Blindly Guided by Superstitions


Amanda Ross, Reporter

Superstition: a widely held but unjustified belief in supernatural causation leading to certain consequences of an action or event, or a practice based on such a belief. 

Whether it’s being cautious of walking under a ladder, knocking on wood, or your own personal ritual, chances are you follow a superstition. It’s interesting to explore what causes somebody to adopt superstitions into their lives, whether consciously or subconsciously.

Sophomore, Emerson Burt, shared some of her superstitions.

“I believe if you break a mirror it’s bad luck,” Burt said. “And I have ones with volleyball, like if I play super well with a pair of socks, I don’t wash them until I play bad in them. I also don’t like it when other people touch my knee pads.”

Naomi Baraban, a senior bass player and track runner at Novato High, also spoke on her superstitious beliefs.

“Just a routine I go through before I perform; like if I have to perform I’m gonna have to listen to the whole setlist before I play it,” Baraban said. “Before any race, I do the same thing. As in, for the last 7 minutes before the race, I gotta be on my own, nobody talking to me.”

When asked if she feels a difference when she doesn’t go through her usual routines, Baraban said “It just doesn’t feel right. Those routines clear my mind to be able to do those things.”

Although some live by these rituals, others feel differently about superstitions. 
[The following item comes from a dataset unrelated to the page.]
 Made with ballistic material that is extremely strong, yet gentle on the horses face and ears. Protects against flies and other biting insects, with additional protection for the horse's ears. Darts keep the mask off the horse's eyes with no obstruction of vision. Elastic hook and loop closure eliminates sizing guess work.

Junior at Novato High, Ella Bilbija, said she isn’t a superstitious person.

“Everything happens for a reason; why would throwing salt over your shoulder change that?”

Ailish Lowth, a Novato High sophomore, feels the same way.
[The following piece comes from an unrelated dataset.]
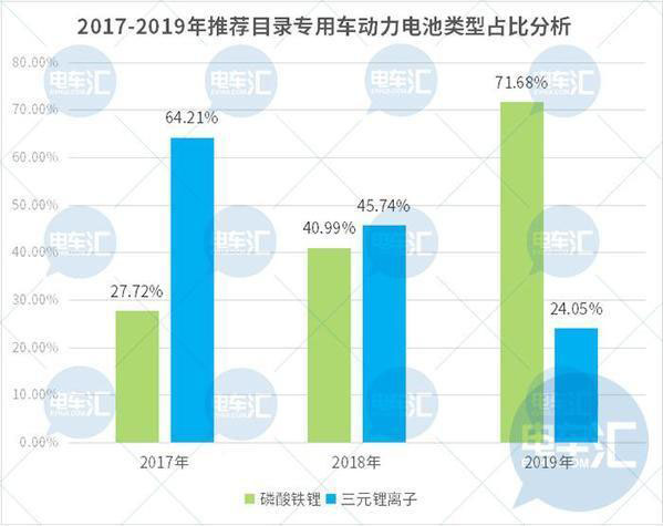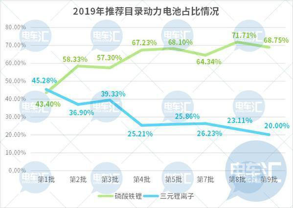 此外,從2019年工信部已經(jīng)發(fā)布的數(shù)批目錄來看,磷酸鐵鋰電池配套裝車占比也在逐步提升。

“I just don’t think small things like wearing a certain thing or having a lucky item has any effect on life,” said Lowth. “I can see why some people have small traditions or superstitions because it gives them a sense of stability, but I don’t think it has any real effect on anything.”
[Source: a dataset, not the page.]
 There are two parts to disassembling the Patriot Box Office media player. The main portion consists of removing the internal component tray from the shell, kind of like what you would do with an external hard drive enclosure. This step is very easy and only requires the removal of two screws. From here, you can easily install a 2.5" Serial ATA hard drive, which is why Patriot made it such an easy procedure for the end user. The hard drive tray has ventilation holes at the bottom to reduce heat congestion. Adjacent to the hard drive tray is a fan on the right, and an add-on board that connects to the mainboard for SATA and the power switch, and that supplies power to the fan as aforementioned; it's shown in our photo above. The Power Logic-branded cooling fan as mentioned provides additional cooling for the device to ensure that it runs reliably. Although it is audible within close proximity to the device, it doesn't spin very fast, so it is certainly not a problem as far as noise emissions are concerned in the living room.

Superstitions lack the proof to back them up, so why do some follow them? Maybe it’s the tiny chance that you truly will be given bad luck if you don’t knock on wood. Trying to capture some control over life is appealing to many people who might feel powerless in general. 

An article in Medical News Today took a deeper look into the psychological mechanisms behind superstitious thinking. 

“Sometimes superstitions can have a soothing effect, relieving anxiety about the unknown and giving people a sense of control over their lives. This may also be the reason why superstitions have survived for so long — people have passed them on from generation to generation,” write Ana Sandoiu in Medical News Today. 

Life can be overwhelming and uncertain, so we tend to do whatever we can to maintain a sense of calm and control; even if that requires following beliefs that possess no real proof to be true.